Exercise » In the listing that follows, give every line again exactly and omit the pictures.

Recorded information »
....................

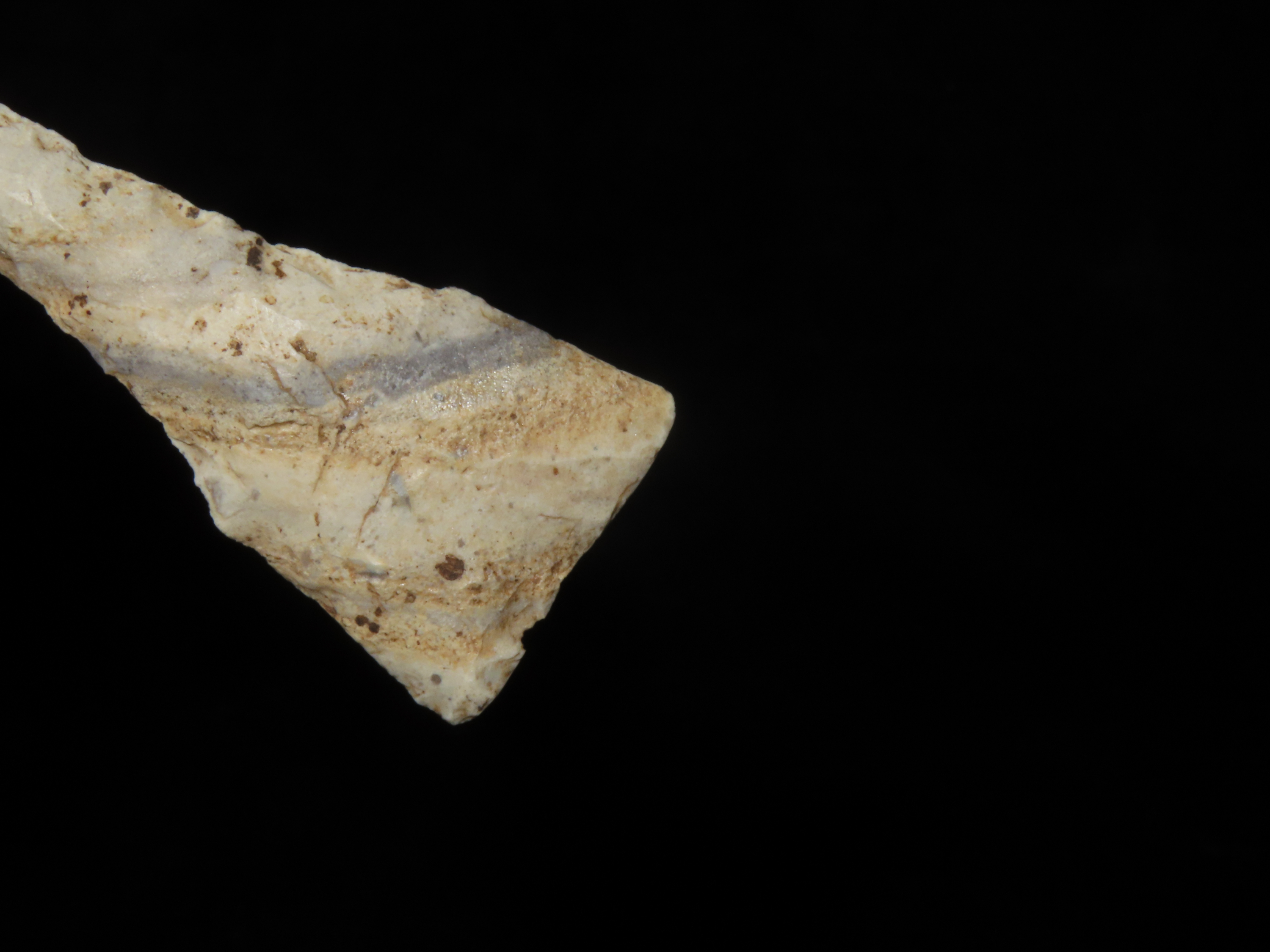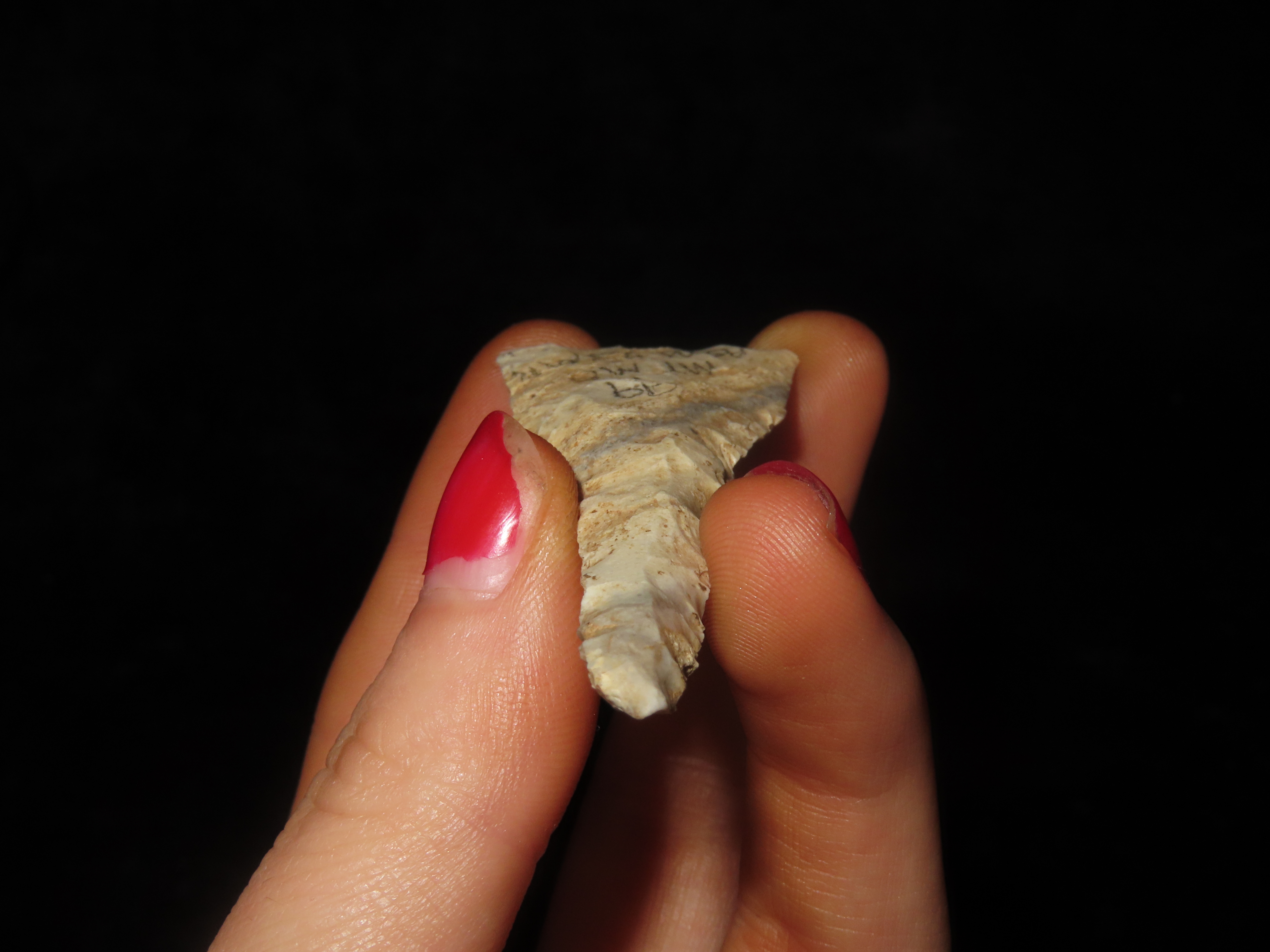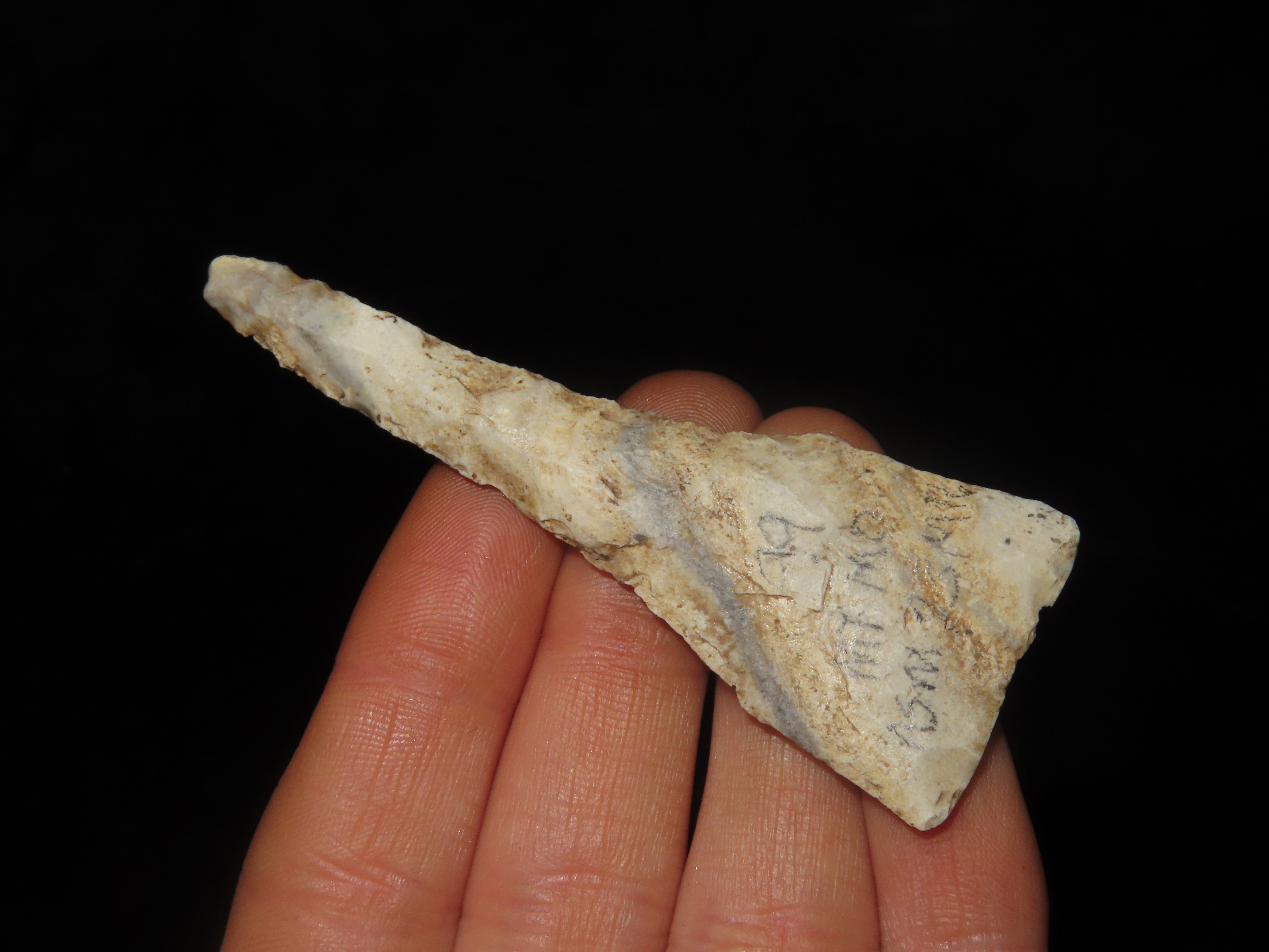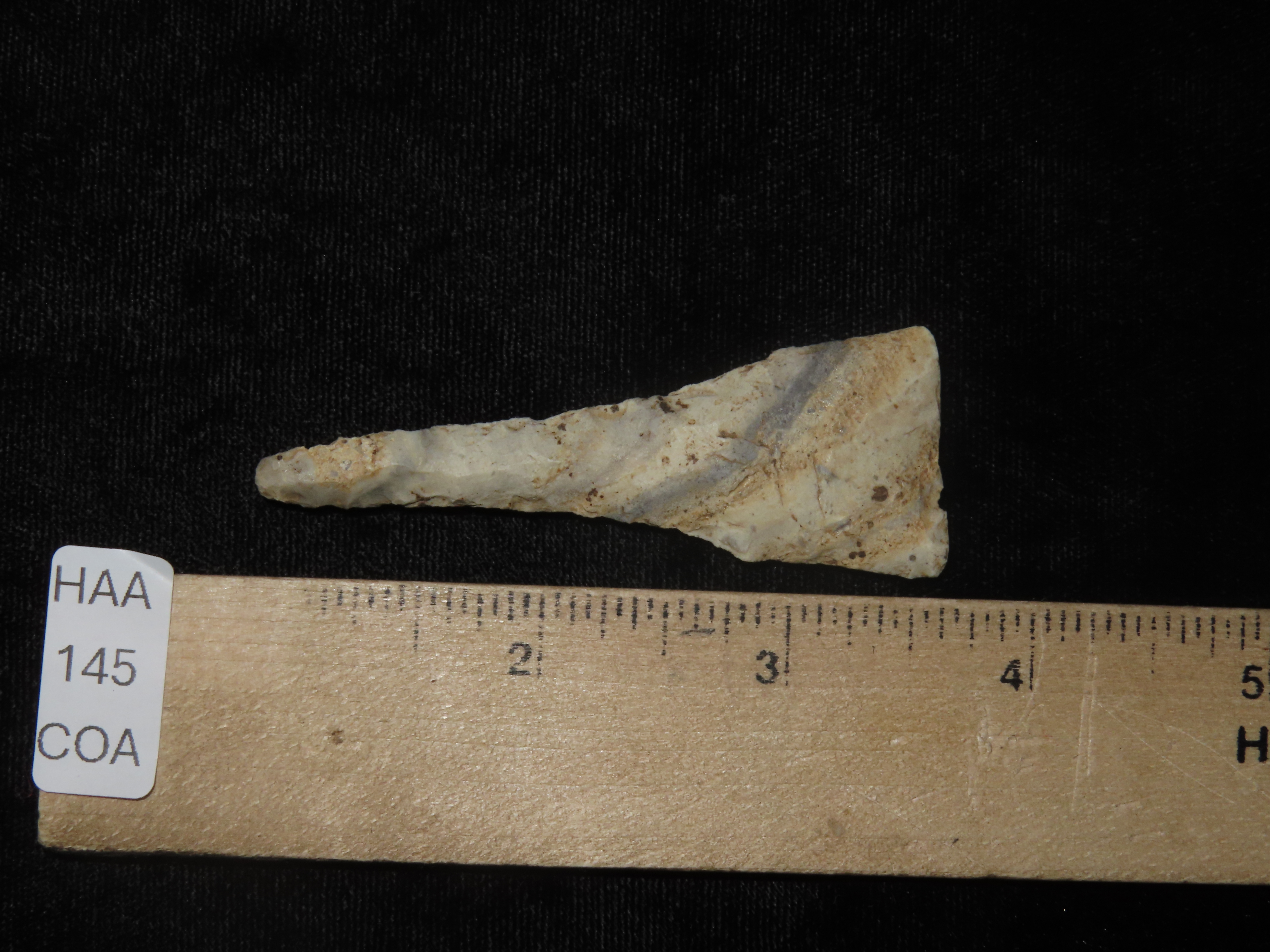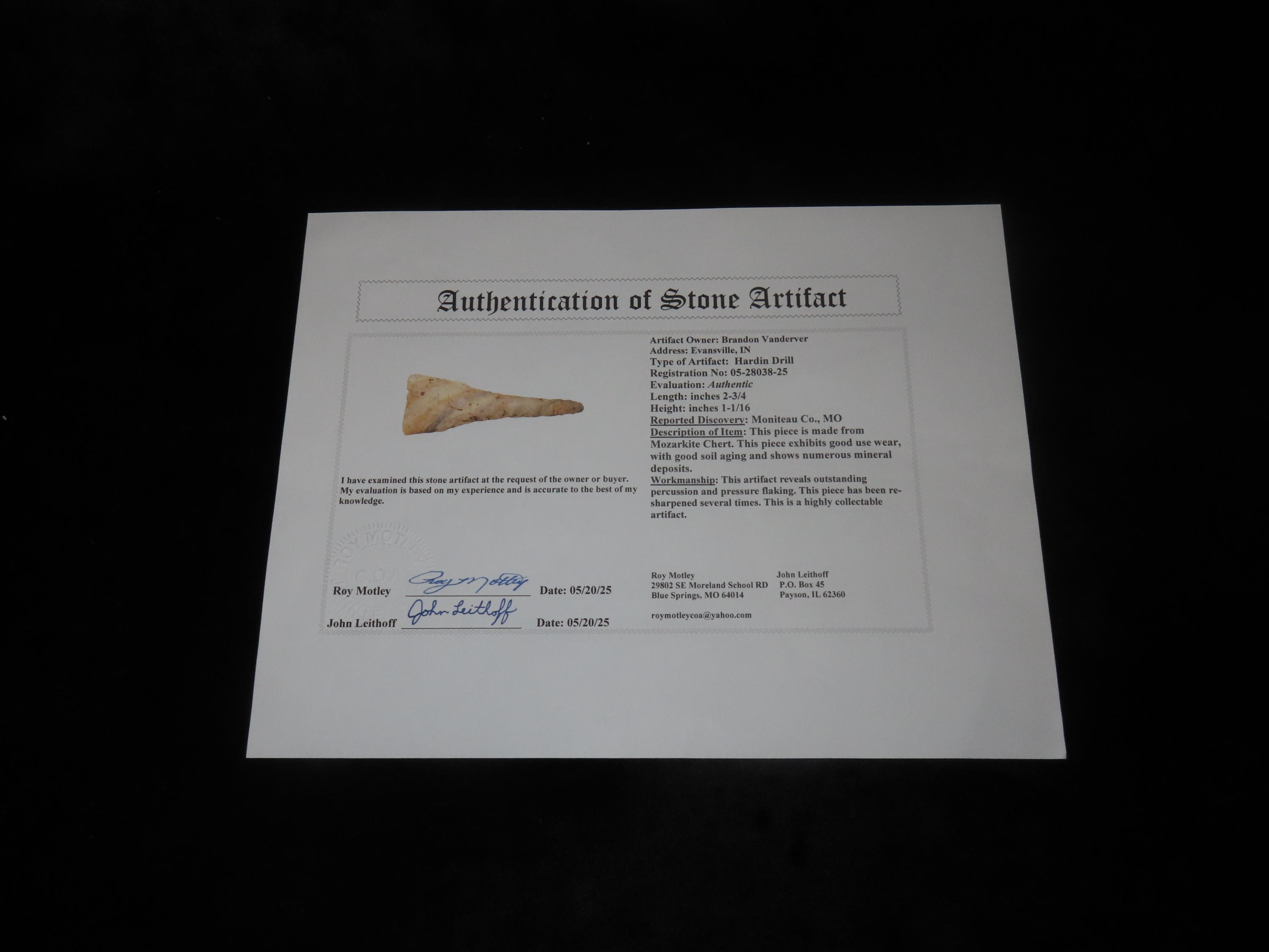 Colorful 2 3/4″ Hardin Drill, Moniteau Co. Missouri. Motley COA. Beautiful piece of heavily patinated Mozarkite Chert with excellent flaking! Covered in mineral Deposits. Great Color!
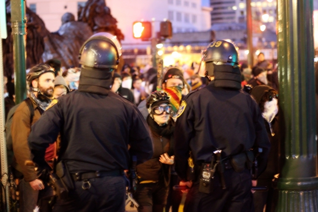 After several attempts at kettling marchers, OPD finally trapped us at 23rd and Broadway in front of the YMCA. OPD officers who arrested us claimed that we were given dispersal orders at 3PM and that this order remained in effect at 7:40 when they arrested us. Myself along with two other journalists (that I witnessed) were swept up in the kettle and arrested along with close to 300 marchers.
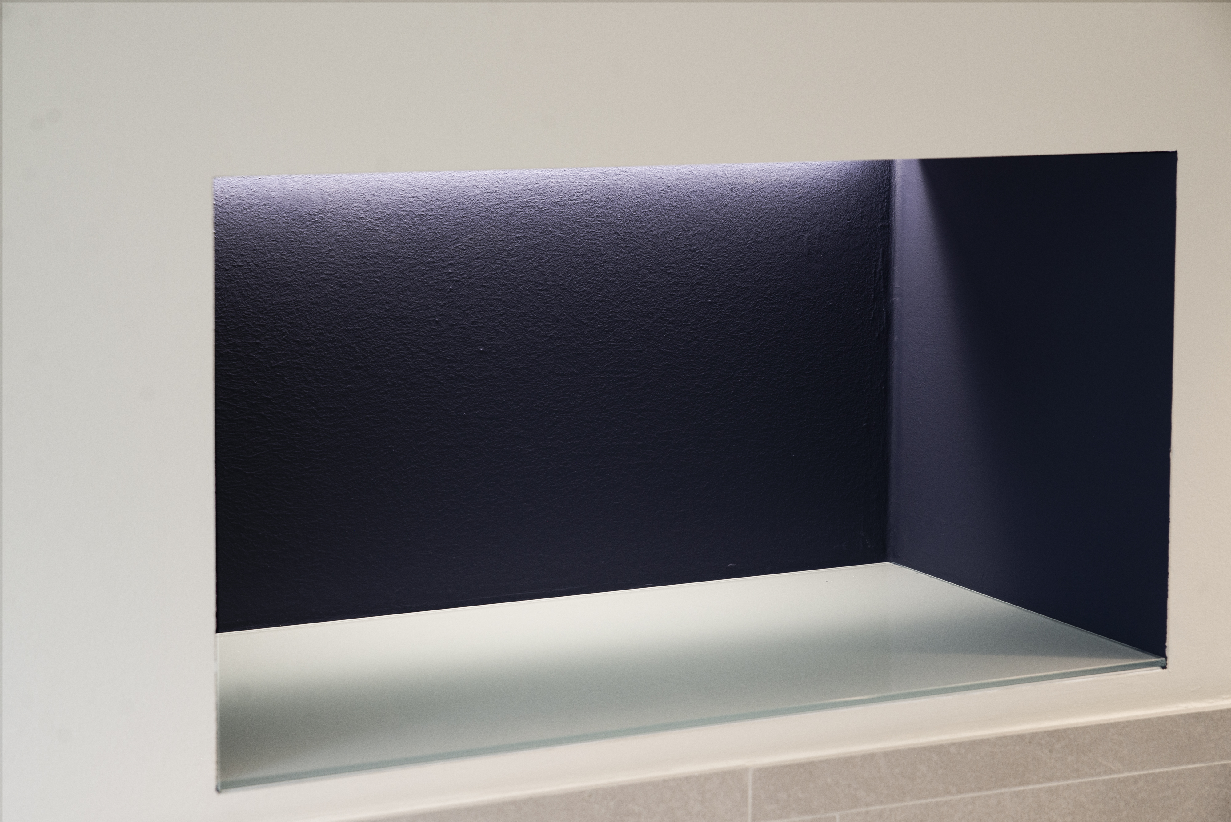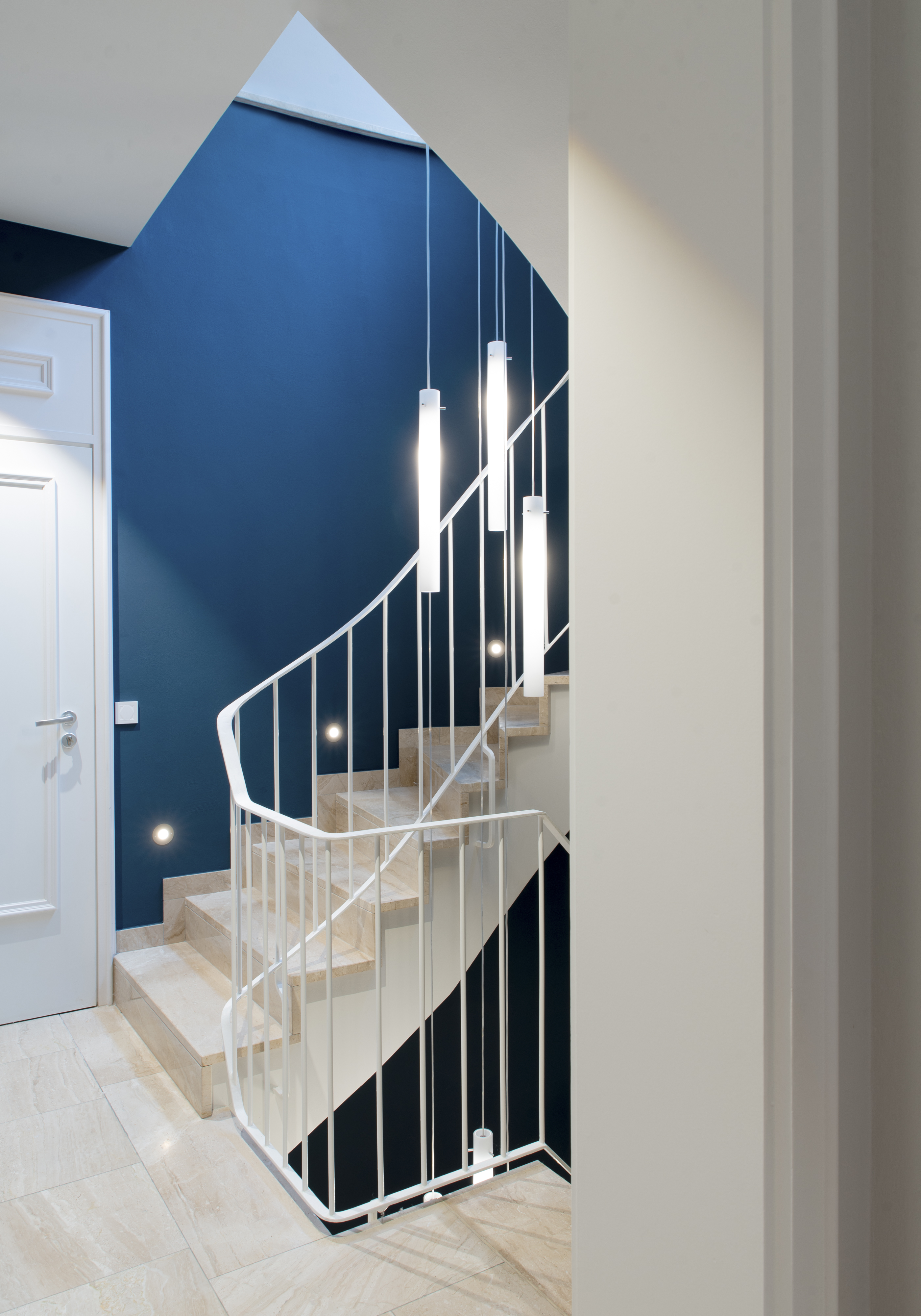 Im Treppenhaus begleitet das Petrolblau von „Skater“ den Besucher ins obere Stockwerk. Aus diesem atmosphärischen Blau heraus strahlen Lichtspots in Fußhöhe der Stufen wie Sterne im Nachthimmel. Diese Treppenstufenleuchten folgen dem runden Treppenlauf, sorgen für Trittsicherheit und betonen die warmen Steinstufen sowie die Architektur des Treppenhauses. Eine Lichtinstallation erstreckt sich über alle Stockwerke. Zur Aufhellung und Betonung der dunklen Wandflächen und als verbindendes Element zwischen den Geschossen wurde sie von der schrägen Deckenfläche bis ins Untergeschoss nach unten abgependelt. Mit feinen Stahlseilen verbunden sind lange Zylinder aus opalweißem, mattem, handgearbeitetem Glas, die das Treppenauge im Ganzen erhellen. Die matten weißen Gläser nehmen den opaken Charakter der Wandfarbe auf und stehen in einem schönen Kontrast zu dem recht dunklen, warmen Petrolfarbton. Diese Beleuchtung kann geschossweise zugeschaltet und gedimmt werden.

....................

Output of the task »
 Colorful 2 3/4″ Hardin Drill, Moniteau Co. Missouri. Motley COA. Beautiful piece of heavily patinated Mozarkite Chert with excellent flaking! Covered in mineral Deposits. Great Color!
 After several attempts at kettling marchers, OPD finally trapped us at 23rd and Broadway in front of the YMCA. OPD officers who arrested us claimed that we were given dispersal orders at 3PM and that this order remained in effect at 7:40 when they arrested us. Myself along with two other journalists (that I witnessed) were swept up in the kettle and arrested along with close to 300 marchers.
 Im Treppenhaus begleitet das Petrolblau von „Skater“ den Besucher ins obere Stockwerk. Aus diesem atmosphärischen Blau heraus strahlen Lichtspots in Fußhöhe der Stufen wie Sterne im Nachthimmel. Diese Treppenstufenleuchten folgen dem runden Treppenlauf, sorgen für Trittsicherheit und betonen die warmen Steinstufen sowie die Architektur des Treppenhauses. Eine Lichtinstallation erstreckt sich über alle Stockwerke. Zur Aufhellung und Betonung der dunklen Wandflächen und als verbindendes Element zwischen den Geschossen wurde sie von der schrägen Deckenfläche bis ins Untergeschoss nach unten abgependelt. Mit feinen Stahlseilen verbunden sind lange Zylinder aus opalweißem, mattem, handgearbeitetem Glas, die das Treppenauge im Ganzen erhellen. Die matten weißen Gläser nehmen den opaken Charakter der Wandfarbe auf und stehen in einem schönen Kontrast zu dem recht dunklen, warmen Petrolfarbton. Diese Beleuchtung kann geschossweise zugeschaltet und gedimmt werden.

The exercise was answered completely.